● **AVAILABLE DATA**:
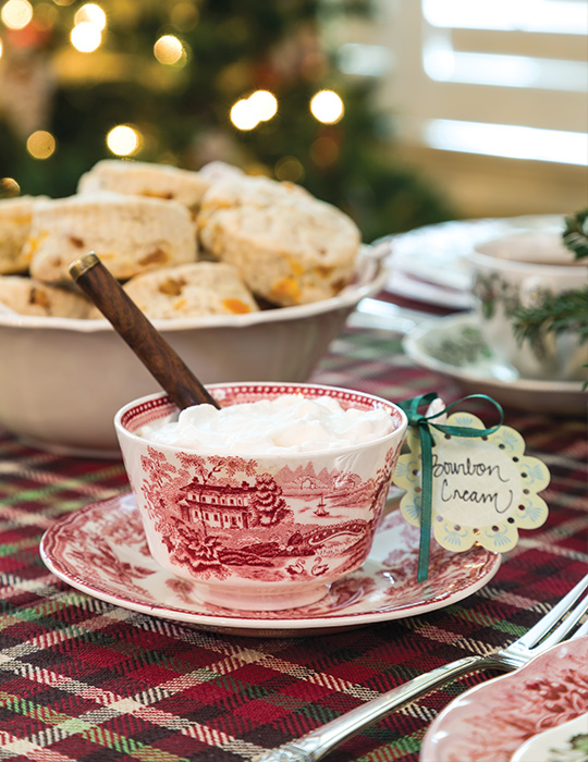 Begin your afternoon tea gathering with a cup of Simpson & Vail’s Darjeeling Ambootia Estate Premium Organic Black Tea and these delectable Apricot-Rosemary Scones with Bourbon Cream.
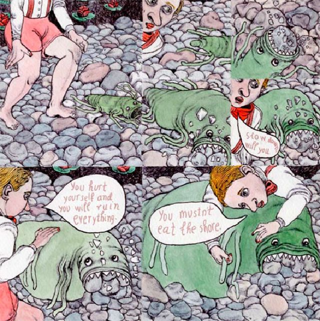 Rock-eating monsters, missing boxes, narrow tunnels, dripping cliffs, dumb dolls, smiling piles of sand, talking rocks, goosebumps and potent mustaches. Critically acclaimed Emelie Östergren is back in excellent book form!
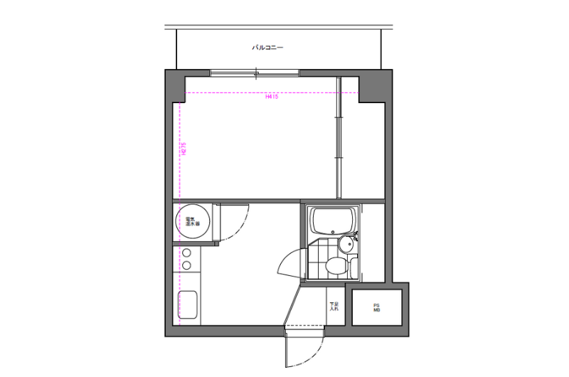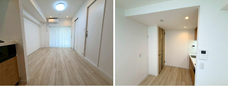 今回のリノベーションでは、1Kの壁を取っ払って1Rに変更し、廊下やドアを減らすことで使えるスペースを広く確保します。
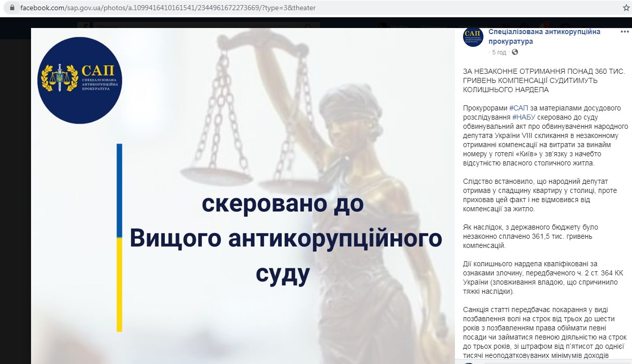 "Прокурорами САП за матеріалами досудового розслідування НАБУ скеровано до суду обвинувальний акт про обвинувачення народного депутата України VIII скликання в незаконному отриманні компенсації на витрати за винайм номеру у готелі "Київ" у зв’язку з начебто відсутністю власного житла в столиці", – йдеться в повідомленні.
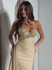 The sweetheart neckline pairs with a sheer embellished bodice that contours the waist and upper body with elegant structure.
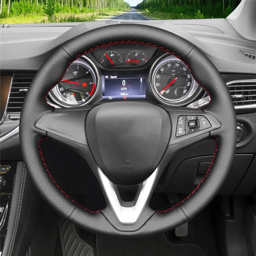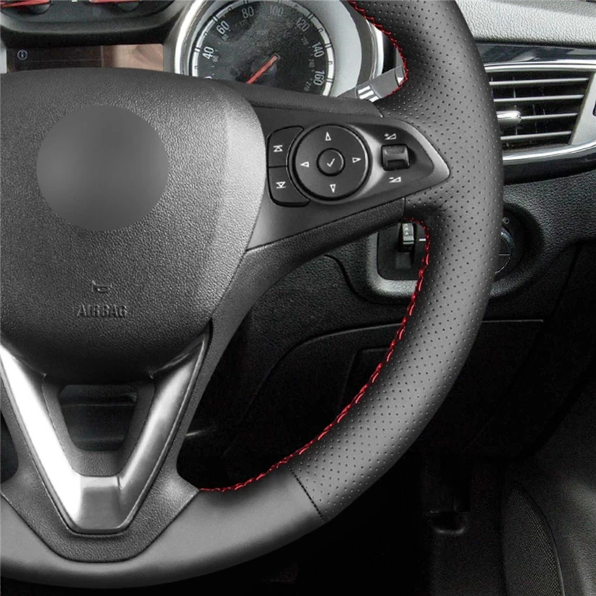 Кожаный чехол на руль с красным маркером для Opel Astra (K) Corsa (...
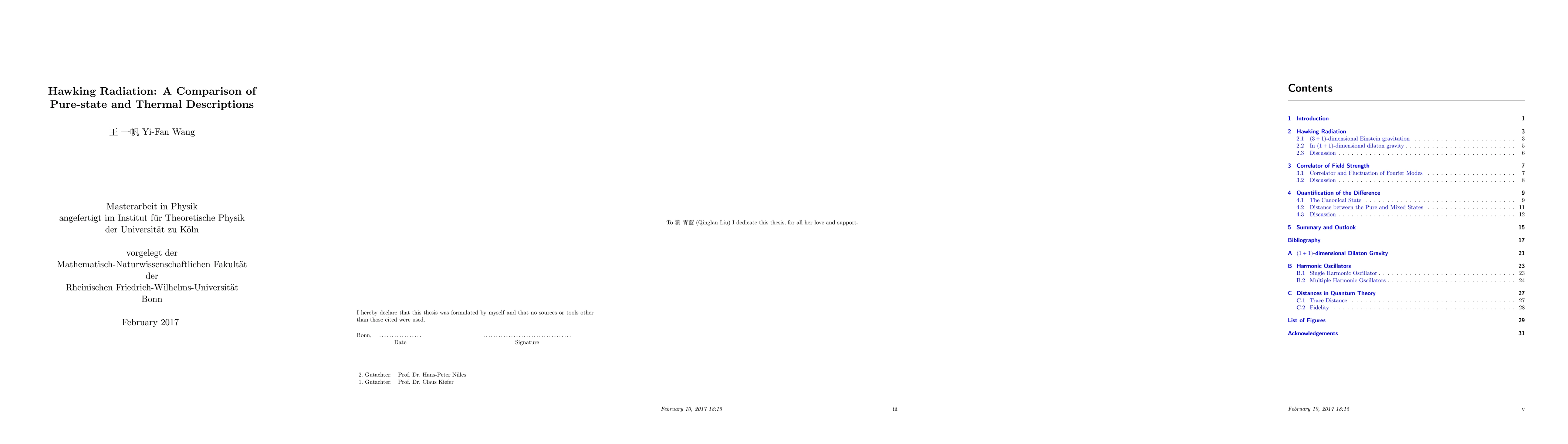The cases of the Hawking radiation field being described by a pure state and by the usual thermal state are compared within the CGHS dilaton gravity model. The field-strength fluctuations of the Fourier modes are computed, showing a discrepancy in the low-energy regime, while coinciding at high energies. Then by defining a distance for density operators and evaluating it for the cases concerned, the difference between the pure and thermal descriptions is quantified and found to be exponentially small with respect to the Hawking temperature. Possible physical interpretations are discussed.
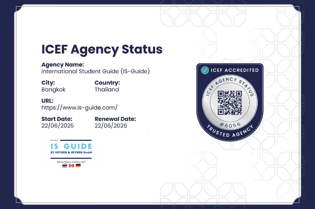 ที่ IS Guide เราใส่ใจดูแลนักเรียนทุกคนเสมือนเป็นคนในครอบครัว ทีมงานผู้เชี่ยวชาญของเราพร้อมให้คำปรึกษาและอยู่เคียงข้างในทุกขั้นตอน ตั้งแต่การเลือกสถาบันที่เหมาะสม ไปจนถึงการเตรียมความพร้อมใช้ชีวิตในต่างประเทศ เราเชื่อว่าความจริงใจ ความรู้ และประสบการณ์ของเราจะช่วยให้นักเรียนก้าวสู่ความสำเร็จได้อย่างมั่นใจ และ พร้อมสำหรับการเริ่มต้นชีวิตการศึกษาใหม่ในต่างประเทศ
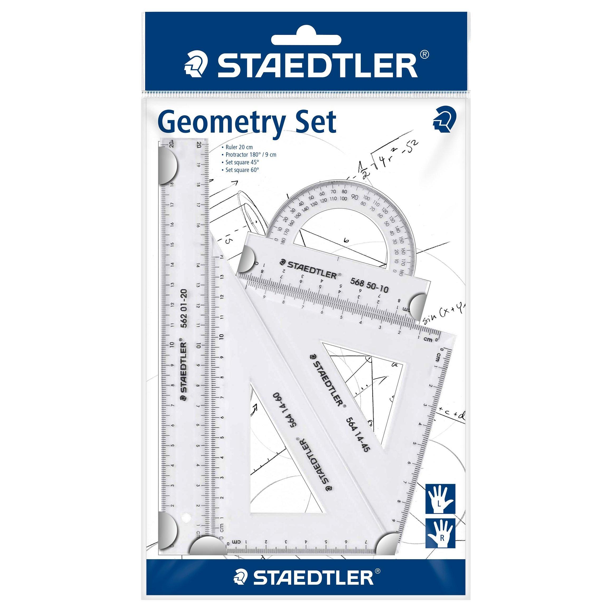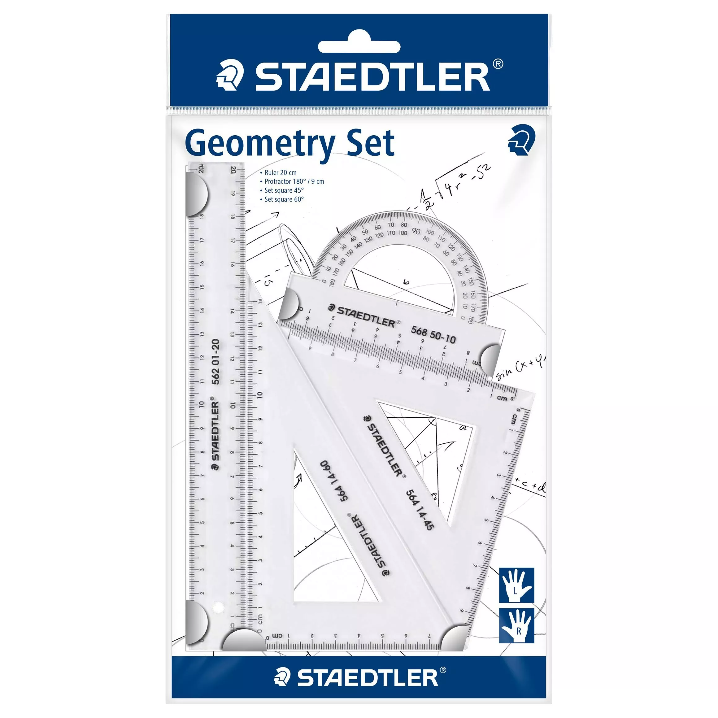 Handy Geometry set contains 4 transparent pieces: 20cm ruler, protractor, set square 60/30 degrees, set square 45/45 degrees in a hang-able polybag.

● **TASK INSTRUCTIONS**:
Give again, exactly as written above, every line from the one holding "The sweetheart neckline" to the one holding "Кожаный чехол на", with both ends kept and the pictures left out.

● **RESPONSE BOX**:
 The sweetheart neckline pairs with a sheer embellished bodice that contours the waist and upper body with elegant structure.
 Кожаный чехол на руль с красным маркером для Opel Astra (K) Corsa (...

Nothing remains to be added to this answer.